The strictness of the judgment is not a threat. It is a description of reality. Influence that shapes other people carries a corresponding weight of accountability. The more lives a person touches, the more seriously their words and actions matter. That is not an argument against influence. It is an argument for entering it with eyes open.
What a Platform Actually Does
When you teach someone something, or lead them somewhere, or model a way of being in the world, you are not simply conveying information. You are shaping the way they see reality. And that shaping does not stop when the lesson ends.
The things you say from a position of influence take root in people at a depth that ordinary conversation does not reach. The teacher who told you, once, in passing, that you were not intelligent enough, and you have been proving them wrong or right ever since. The pastor whose words about God became the frame through which you have been reading Scripture for twenty years. The leader who gave you your first significant responsibility and what it said about what they believed about you.

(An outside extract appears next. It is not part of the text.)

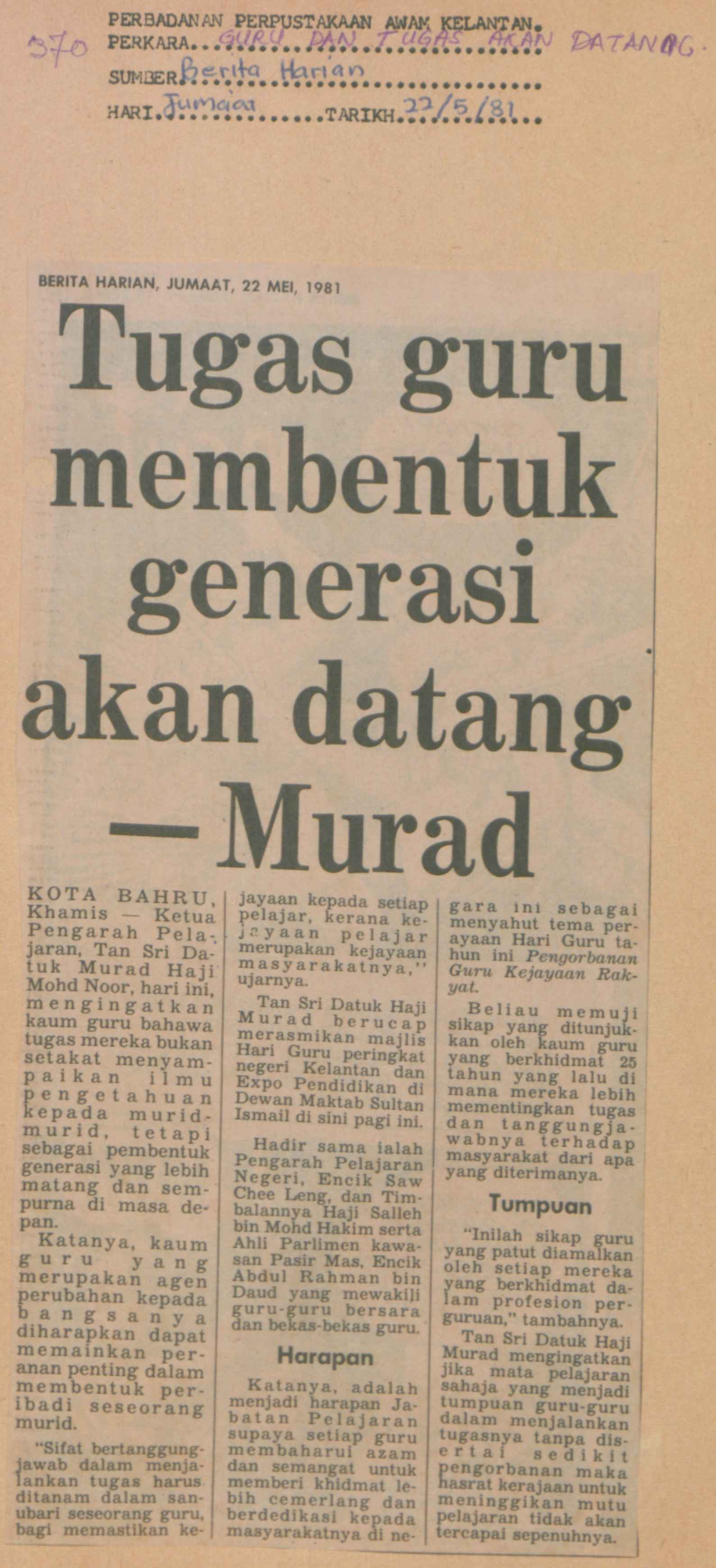 Berita Harian (1981) Tugas guru membentuk generasi akan datang-Murad. Berita Harian. |

Influence leaves marks. That is why James is careful about who runs toward it.
The Character Question
James is not arguing that only perfect people should lead. If that were the standard, no one would. He is arguing that the person who seeks influence must be serious about their own formation, about the work of becoming the kind of person whose influence does not harm.
This is the character question that has to precede the platform question. Not am I capable? but am I becoming the kind of person who can carry this? Not do people want to hear from me? but is what they will hear, if they listen to me over time, going to build them up or pull them toward something false?
The leader who skips this question tends to find out the answer eventually in the most painful possible way.
The Responsibility That Comes With the Room
If you have a room, you have responsibility. The room may be a classroom, a team, a family, a Sunday school group, a small online following, a table of friends who tend to look to you for direction. The size of the room does not change the nature of the responsibility. It only changes the scale.
What you say in that room matters. The values you model, the things you celebrate and the things you minimise, the version of God you present by the way you speak about him, these are all acts of teaching whether you are conscious of them or not.
Leadership is always forming something. The question is whether you are being intentional about what it is forming.
How to Carry It Well
Carrying the weight of influence well begins with taking it seriously. With refusing to be the kind of leader who treats people as an audience rather than as souls. With maintaining the private disciplines that keep a leader honest, the prayer, the reading, the accountability, the willingness to be corrected by those who know you best.
It also means remaining genuinely humble about the size of your own blind spots. The most dangerous version of the influential person is the one who has stopped asking whether their influence is doing good. Who has confused being listened to with being right.
The teacher, the leader, the person with a room, is never the finished article. They are always also a student. The moment they forget that is the moment the influence starts to curdle.
Not many of you should become teachers, my fellow believers, because you know that we who teach will be judged more strictly.
James 3:1
The platform is not the prize. The people standing behind you are.